Methods: Data on all 451 SAMMPRIS patients receiving AMM were used to determine risk factor control in Blacks vs. Others. SBP, LDL, and exercise were recorded throughout the trial, averaged (from baseline until primary endpoint), and dichotomized as in/out of target. Chi-square and t-tests were used to compare risk factor control in Blacks vs. Others. For outcome analyses, data from 227 patients randomized to AMM only were used. Time to event curves for the primary endpoint were compared between Blacks vs. Others using the log-rank test and hazard ratios were calculated with Cox proportional hazards regression.
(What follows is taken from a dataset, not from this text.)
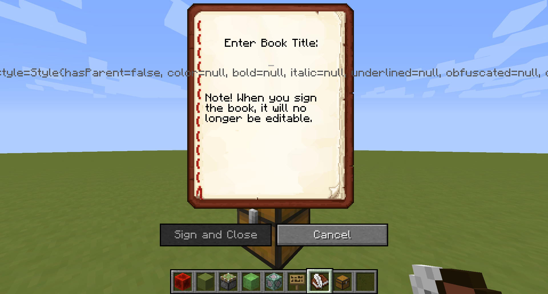 When signing a Book and Quill where it should display by <username> but instead it shows by TextComponent{text:'<username>',...}.
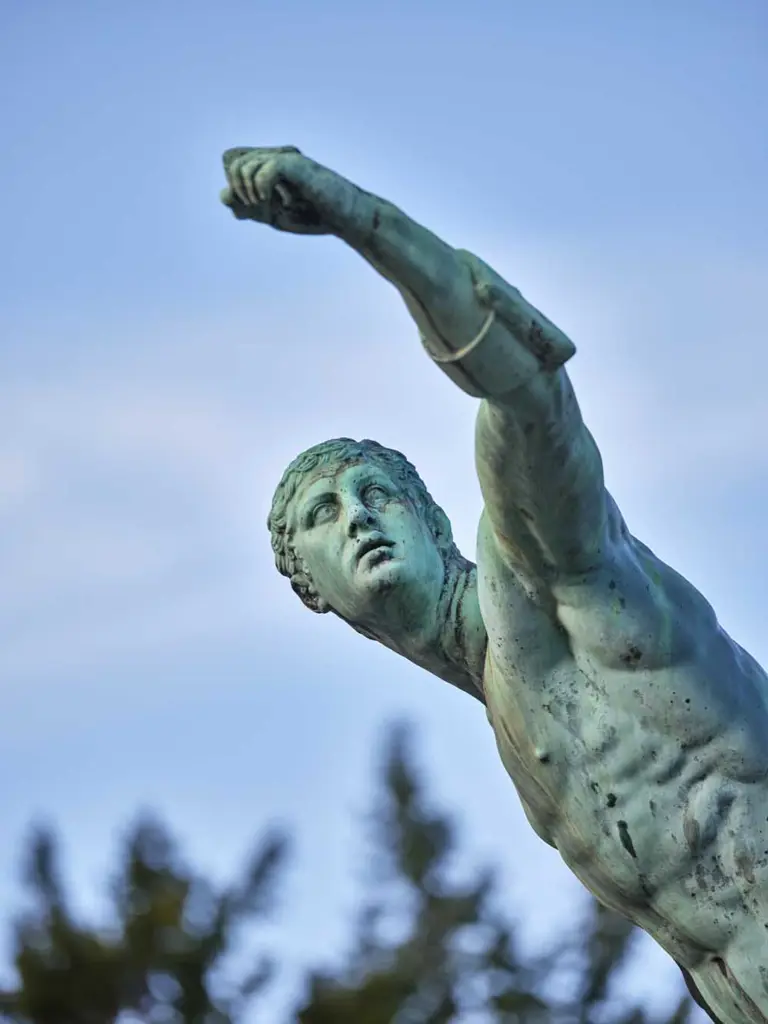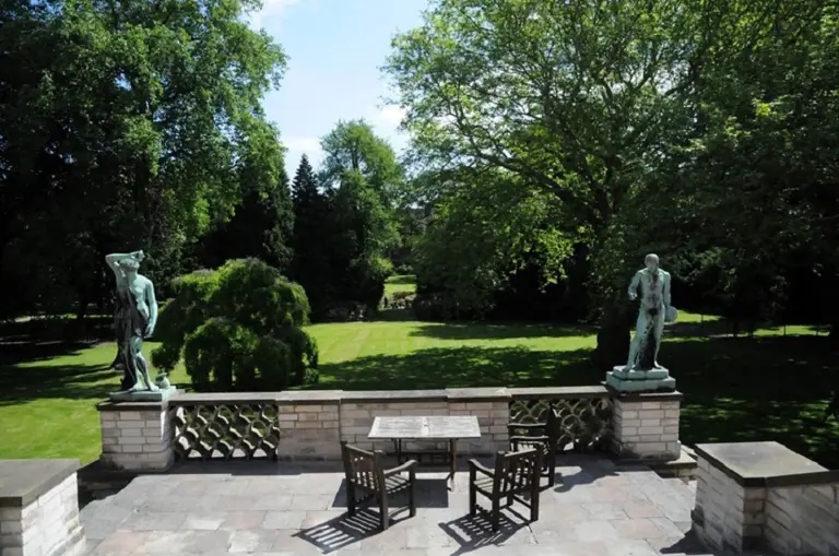 The main building was placed between the Carlsberg brewery and the garden on a sloping plot, so the approach to the house at that time was along an axis that began on Carlsbergvej and continued past the bronze sculpture The Borghese Gladiator down to the house and through the vestibule into the garden room, where three double French windows led out to the large garden staircase. On the terrace of the staircase there are bronze sculptures on each side ‒ The Discus Thrower and The Ephesian Amazon ‒ after which the axis branches off to either side. Niels Bohr, who lived in the honorary residence from 1931 to 1962, called the terrace “a hiding place for thoughts”.

Results: There were no differences between the percentage of Blacks (n=104) vs. Others (n=347) that were in-target for SBP (57.1% vs 62.3%, p=0.36), LDL (40.4% vs 48.5%, p=0.14), or exercise (40.4% vs 43.2%, p=0.61) and no difference in mean SBP (135.2 vs 133.3 mm Hg, p=0.19), LDL (80.7 vs 76.3 mg/dL, p=0.19), or PACE exercise score (3.6 vs 3.8, p=0.27). There was a numerically higher primary endpoint rate among Blacks, but no statistically significant difference in outcome (Figure). However, power to detect a HR of 1.5 for Black race (the HR for the primary endpoint in WASID) was only 20%.

Conclusions: Control of SBP and LDL, and exercise, which were highly associated with a good outcome in SAMMPRIS, were not different between Blacks and other races. However, the study lacked sufficient power to detect a difference in outcome between blacks and other races and therefore we cannot conclude that reducing racial disparities in risk factor control will lead to reducing disparities in outcome.